RECORDS FOR THE EXERCISE:

*** Begin section ***

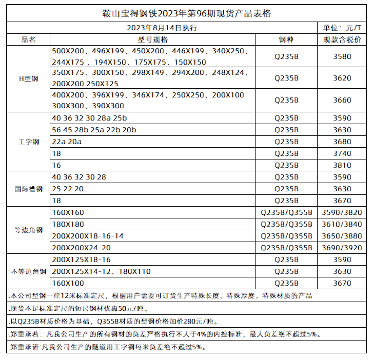 • 鞍山宝得钢铁2023年第96期现货产品表格
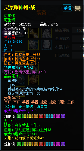 各位少侠晚上好呀~ 一年一度的大禹盛典活动 随丰收节在上周正式开幕啦! 这也是培养大禹首饰的绝佳时机 “标配”的大禹之恩声望雨 将在每晚20点至21点降落大荒 只需在线就能轻松带走3000点声望 不仅如此,大禹手镯洗炼节 也同步开启 活动期间,完成指定任务 就能轻松带走各种相关养成道具 还有限时返利和洗炼周卡 助力各位少侠洗炼完美属性! 还在努力培养大禹手镯的少侠 千万不要错过啦~ 那么接下来,就一起品鉴一番 看看大家都培养了怎样的手镯吧~ 今日封面图源:棠狸 原版壁纸可于文末自取 翎羽 灵景耀神州·战 装备主人:暮时流云 这位走大攻重击流的翎羽少侠 在培养【灵景耀神州·战】时 对其攻击端的属性更为侧重 力、大攻的大量堆叠 为他奠定不俗的物理攻击力 阴伤与万钧相辅相成 加之敏对命中的提升 令少侠射出的每一箭都能直击要害 而炼化中的追电属性 使其在速度上的优势进一步凸显 在战场上来去如风,难以捕捉 在防御上亦是可圈可点 生命和体增强其在战场的生存能力 激活特技护心,能有效抵抗 来自敌方的会心一击伤害 晶符中提升对同门伤害的抵抗力 即便与同职业的选手对抗 也能更占优势 太虚 皓天舒白日·斗 装备主人:不许人间见白头 这位太虚少侠 选择了更适合会心流的斗系列手镯 “标配”的生命值是身板的基础 念属性在增加法防的同时 更提高施法保护力和会心防护力 与缩短吟唱时间的疾语搭配 有助于提高其施法的连续性 在攻击属性方面 大量魂、大法带来的提升十分显著 在此基础上,敏提高会心之余 进一步增强技能的命中能力 在诛心和附伤的加持下 少侠在战场掀起的每一阵风 都势不可挡,威力不容小觑! 幽篁 皓天舒白日·斗 装备主人:丷雲阳 这位幽篁少侠的【皓天舒白日·斗】 过百的魂、大法的堆叠 使其具备不俗的法术攻击力 而当前生效的神祝 也令其攻击力更上一层楼 会心、诛心二者相得益彰 再辅以附元增伤、疾语提速 少侠施展的每一次击都迅猛无比 令敌人毫无招架之力 防御属性方面也有所兼顾 基础的生命搭配念、体增强双防 水风毒防护特技傍身 在战场上定能站稳脚跟,打出风采 [编辑:月光下完美]
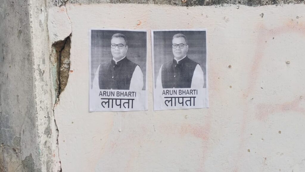 संजय सिंग/जमुई: Lok Janshakti Party (Ram Vilas) leader Chirag Paswan has a strong hold in central and state politics. But Akhil Bharatiya Vidyarthi Parishad in Jamui (अभाविप) चिराग पासवान यांचे मेहुणे आणि खासदार अरुण भारती बेपत्ता झाल्याची पोस्टर लावून कार्यकर्त्यांनी नवा राजकीय वाद निर्माण केला आहे.
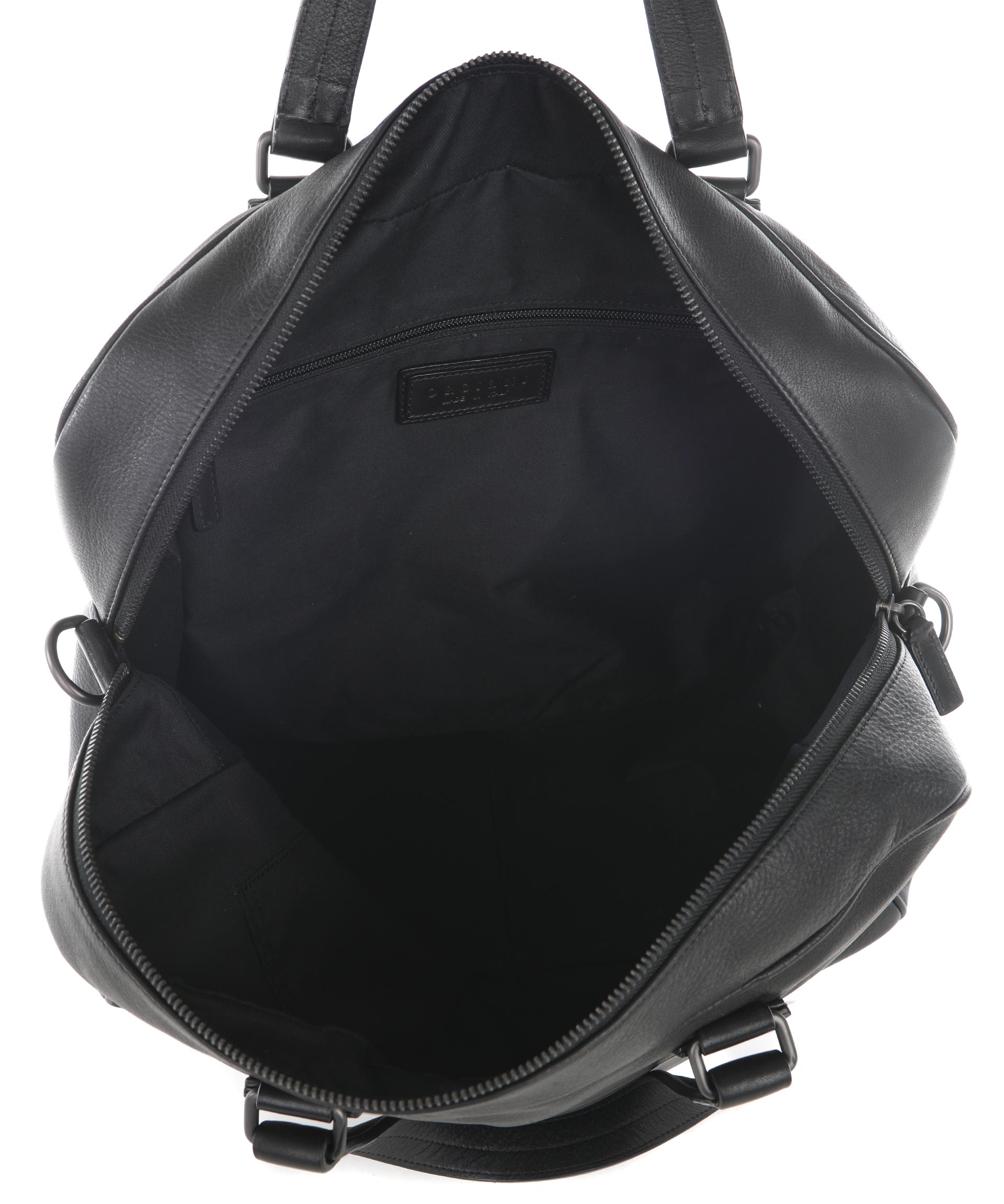 Borsone Orciani in nappa Nera. Due manici morbidi in nappa. Tracolla removibile. Tasca esterna con zip sul retro. Apertura con zip. All'interno tasche applicate e tasca con zip. Foderata. Logo frontale impresso a caldo. Rifiniture in metallo imbrunito.
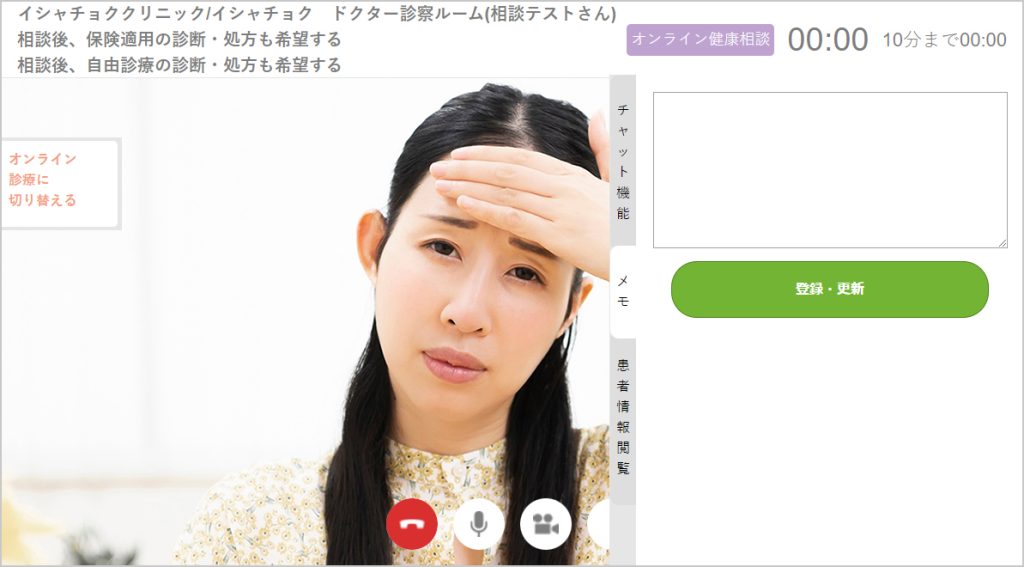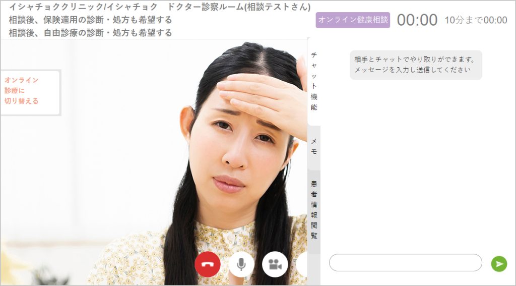 オンライン健康相談は、10分間の通話を基本としており、延長操作を行わなかった場合、計測開始から10分が経過すると、通話は自動終了します。
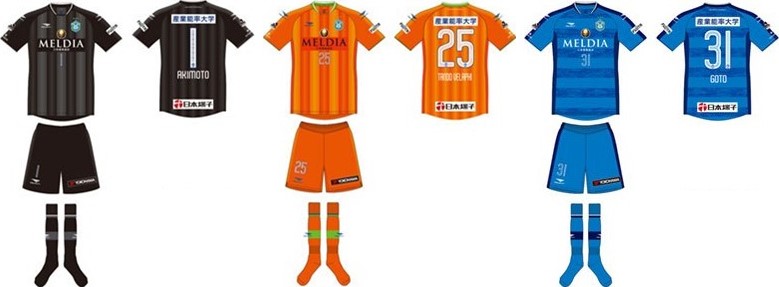 GKユニフォームはカラーを一新し、黒のホーム、オレンジのアウェイ、青のサードというラインナップに。ホームとアウェイはFP用ホームと同じストライプ柄、サードはFP用アウェイと同じボーダー柄となっている。
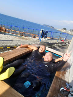 ワイルドダイバー松井さんにご紹介で、ライセンス取得コースを受講頂いた田中さんです。フルオーダーのウエットスーツで寒さも平気な元気いっぱいのお二人です
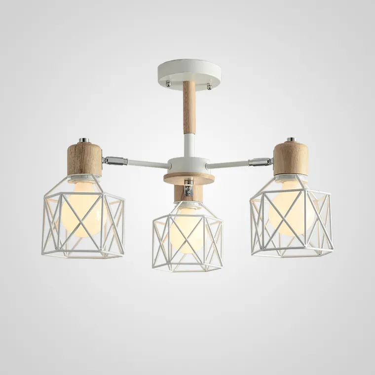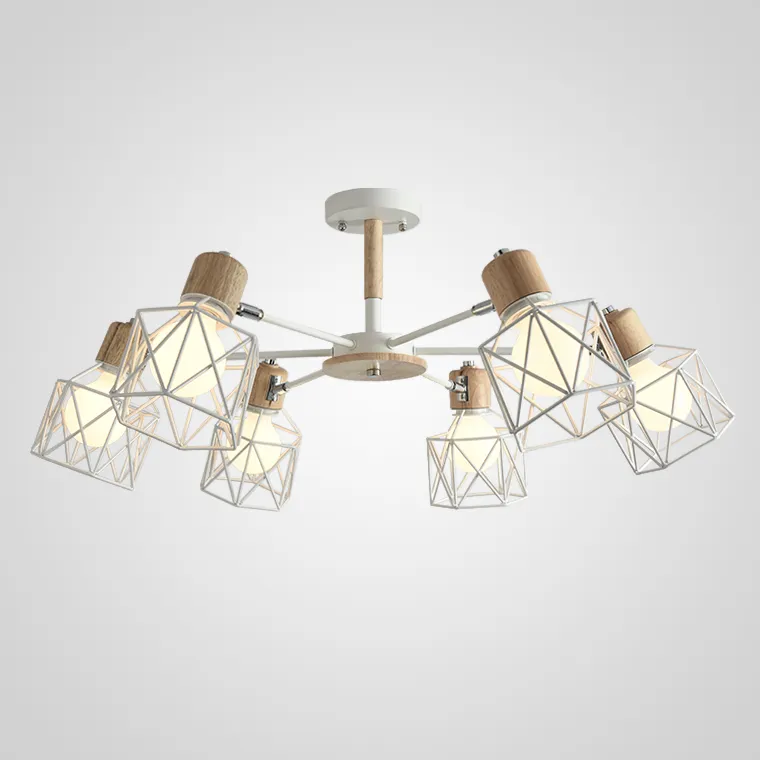 Люстра L-GRIDI-A-20 Люстра из металлических прутьев и деревянных элементов для низких потолков. Микс стилей сканди и лофт - дерево и геометрия, простота и эстетичность. Тип цоколя: Е27. Материал: Металл

*** End section ***

EXERCISE INSTRUCTIONS:
Copy exactly the lines from the one containing "Borsone Orciani in" through the final line of the records above, both included, and leave out any pictures.

ANSWER AREA:
 Borsone Orciani in nappa Nera. Due manici morbidi in nappa. Tracolla removibile. Tasca esterna con zip sul retro. Apertura con zip. All'interno tasche applicate e tasca con zip. Foderata. Logo frontale impresso a caldo. Rifiniture in metallo imbrunito.
 オンライン健康相談は、10分間の通話を基本としており、延長操作を行わなかった場合、計測開始から10分が経過すると、通話は自動終了します。
 GKユニフォームはカラーを一新し、黒のホーム、オレンジのアウェイ、青のサードというラインナップに。ホームとアウェイはFP用ホームと同じストライプ柄、サードはFP用アウェイと同じボーダー柄となっている。
 ワイルドダイバー松井さんにご紹介で、ライセンス取得コースを受講頂いた田中さんです。フルオーダーのウエットスーツで寒さも平気な元気いっぱいのお二人です
 Люстра L-GRIDI-A-20 Люстра из металлических прутьев и деревянных элементов для низких потолков. Микс стилей сканди и лофт - дерево и геометрия, простота и эстетичность. Тип цоколя: Е27. Материал: Металл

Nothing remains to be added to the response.